Task statement: Every line from the one with "Aang, freed from" up to and including the one with "- Xu, M.; Zhang, J.;" is to be output exactly as it appears below; pictures are not.

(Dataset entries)

....................

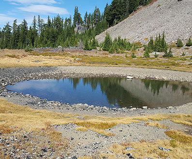 The trail passes by two lakes; Bonnie Lake and Karen Lake, before ending along the shore of Yoran Lake. From the lake's shore hikers get an incredible view of Diamond Peak less than a mile to the southwest and Mount Yoran even closer to the west of the lake. Well marked campsites with fire rings are spread out around Yoran Lake, and make a great option for people who just want to enjoy a short backpacking trip in the Southern Oregon Cascades.
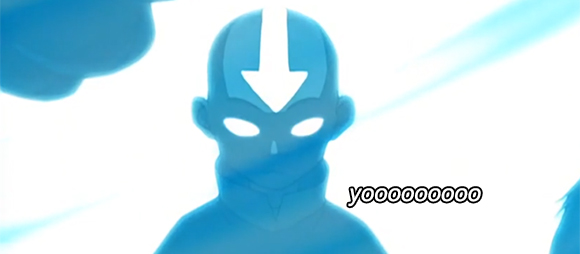 Aang, freed from his iceberg after what we later learn is effectively a century-long coma that caused him to miss all the FIRE NATION ATTACKING, turns to Katara and immediately asks her
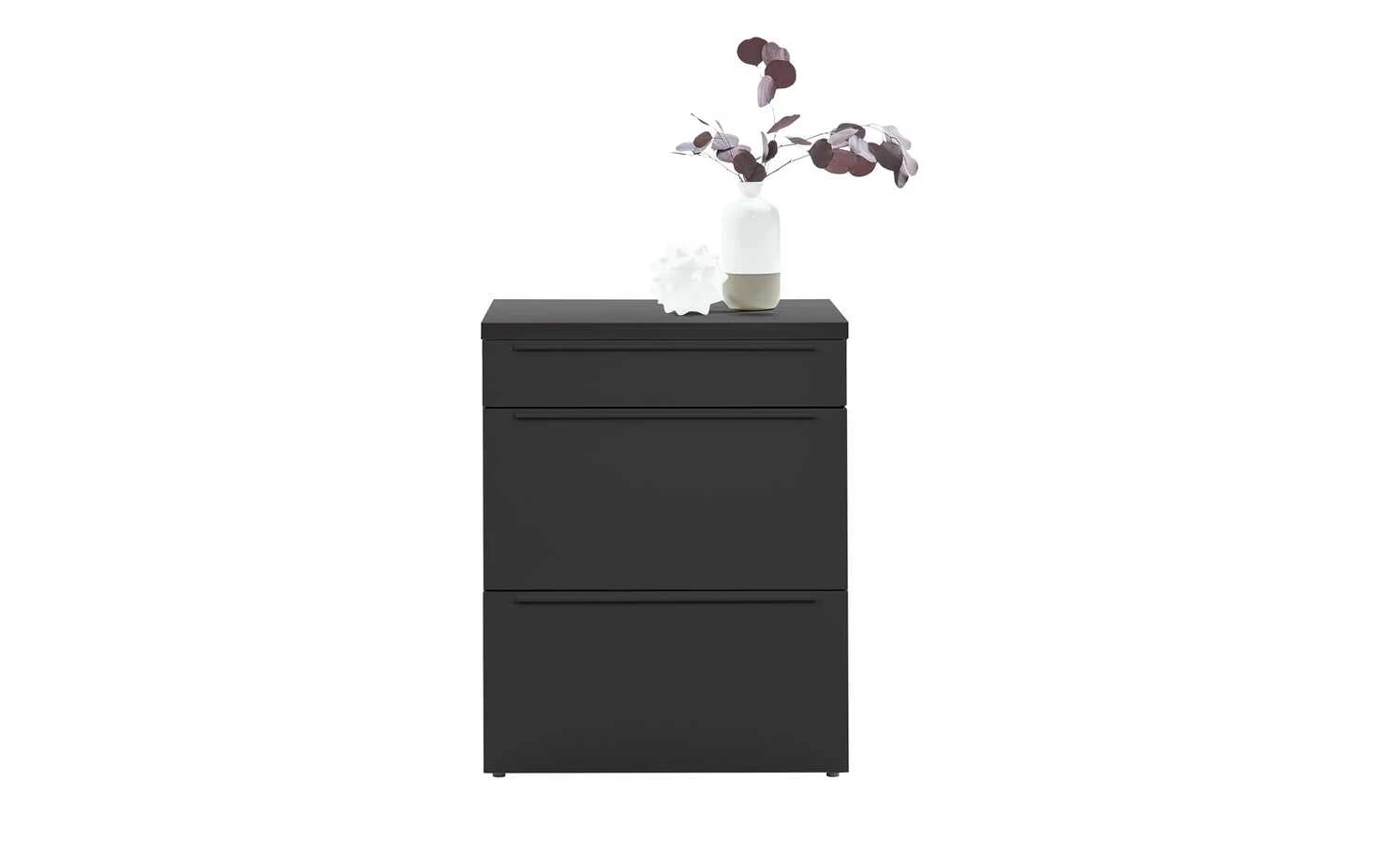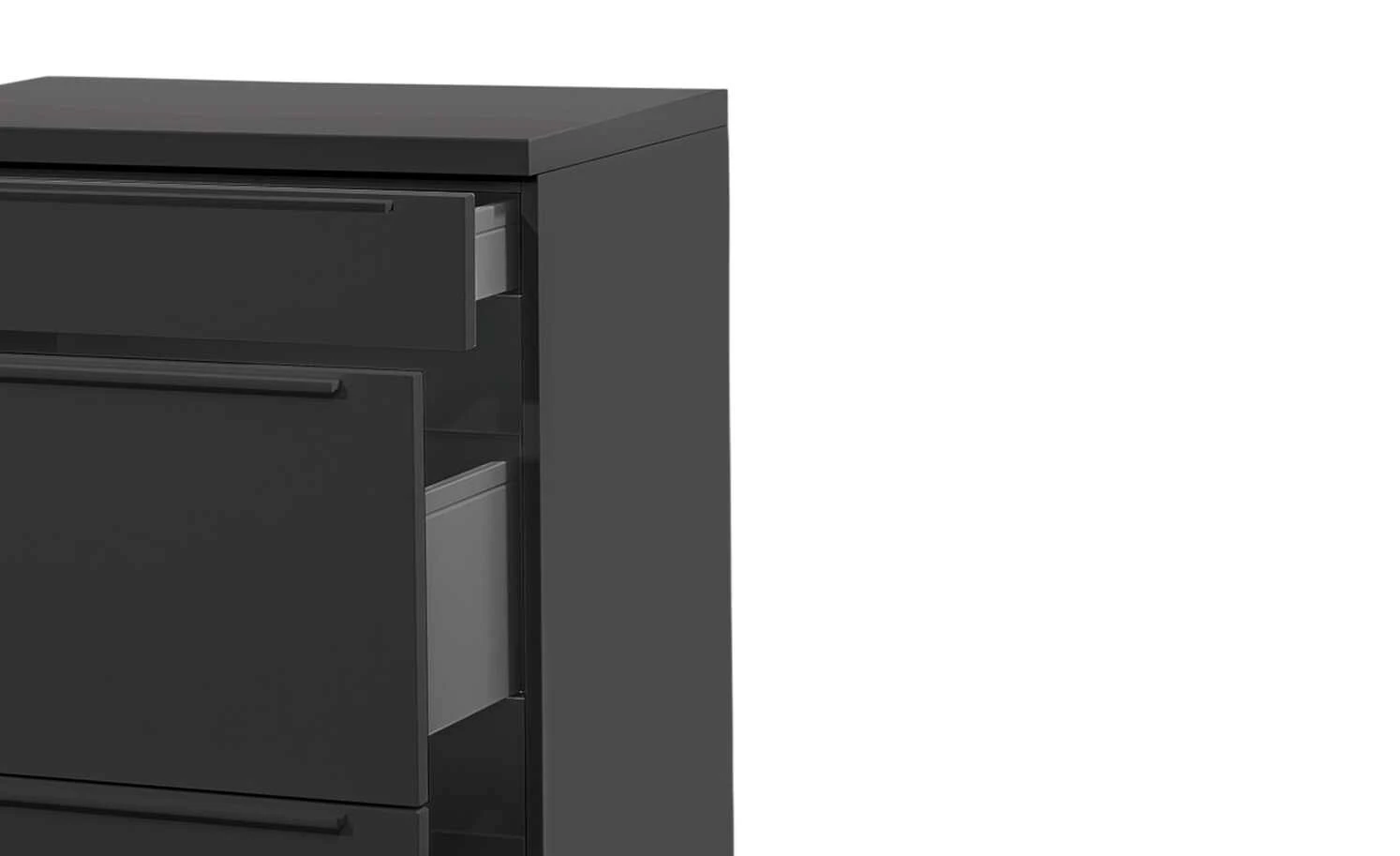 - Mehr zu Ausstattung / Funktion: Schubladen auf Unterflurkugelführung mit gedämpftem Selbsteinzug als Teilauszug, 1,7 cm hohe schwarze Kunststoff-Stellfüße, die durch Drehen Unebenheiten ausgleichen und einen schwebenden Charakter erzeugen, supermatte, samtige Oberflächen mit Anti-Fingerprint-Ausrüstung
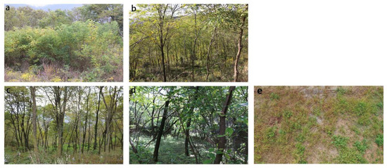 - Xu, M.; Zhang, J.; Liu, G.; Yamanaka, N. Soil properties in natural grassland, Caragana korshinskii planted shrubland, and Robinia pseudoacacia planted forest in gullies on the hilly Loess Plateau, China. Catena 2014, 119, 116–124. [Google Scholar] [CrossRef]
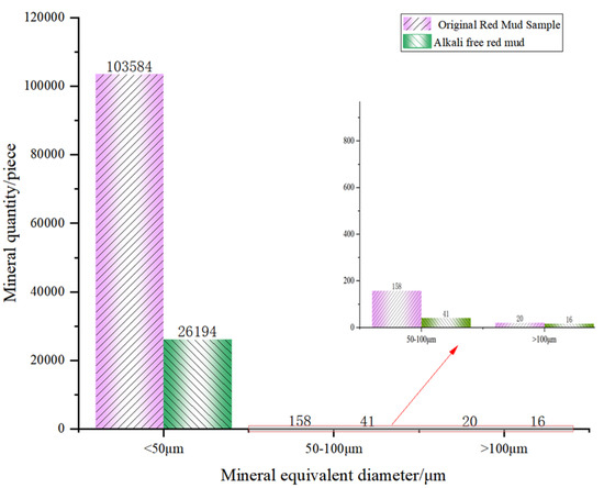 Figure 9 and Figure 10 show the volume percentage of mineral particles further sieved and obtained for different equivalent diameter minerals of the original RM and low-alkalinity RM, respectively. Figure 11 provides further statistics and supplementary information on the results shown in Figure 9 and Figure 10. It presents mineral screening statistics for different particle sizes (<50 μm, 50~100 μm, and >100 μm) of raw RM and low-alkalinity RM, providing a more comprehensive view of changes in the particle sizes of RM during the dealkalization process. After dealkylation, the mineral particles with three different equivalent particle size ranges in RM are reduced. The total number of mineral particles in the low-alkalinity RM is less than the original RM, and the mineral particles with a particle size < 50 μm decreased the most, while the mineral particles with an equivalent particle size > 100 μm decreased the least. This indicates that the dealkalization process may promote the aggregation or dissolution of particles, thus reducing the total number of particles. And the number of mineral particles with a diameter < 50 μm decreased the most in all particle size ranges, indicating that smaller particles are more likely to react in the process of dealkylation. As can be seen from the pie chart of mineral volume ratios, the volume of particles with an equivalent diameter larger than 100 μm increased greatly after the dealkalization treatment of CCS, accounting for 56.37% of the total volume, which is due to the aggregation or sedimentation of particles during the dealkalization process.

....................

Written answer:
 Aang, freed from his iceberg after what we later learn is effectively a century-long coma that caused him to miss all the FIRE NATION ATTACKING, turns to Katara and immediately asks her
 - Mehr zu Ausstattung / Funktion: Schubladen auf Unterflurkugelführung mit gedämpftem Selbsteinzug als Teilauszug, 1,7 cm hohe schwarze Kunststoff-Stellfüße, die durch Drehen Unebenheiten ausgleichen und einen schwebenden Charakter erzeugen, supermatte, samtige Oberflächen mit Anti-Fingerprint-Ausrüstung
 - Xu, M.; Zhang, J.; Liu, G.; Yamanaka, N. Soil properties in natural grassland, Caragana korshinskii planted shrubland, and Robinia pseudoacacia planted forest in gullies on the hilly Loess Plateau, China. Catena 2014, 119, 116–124. [Google Scholar] [CrossRef]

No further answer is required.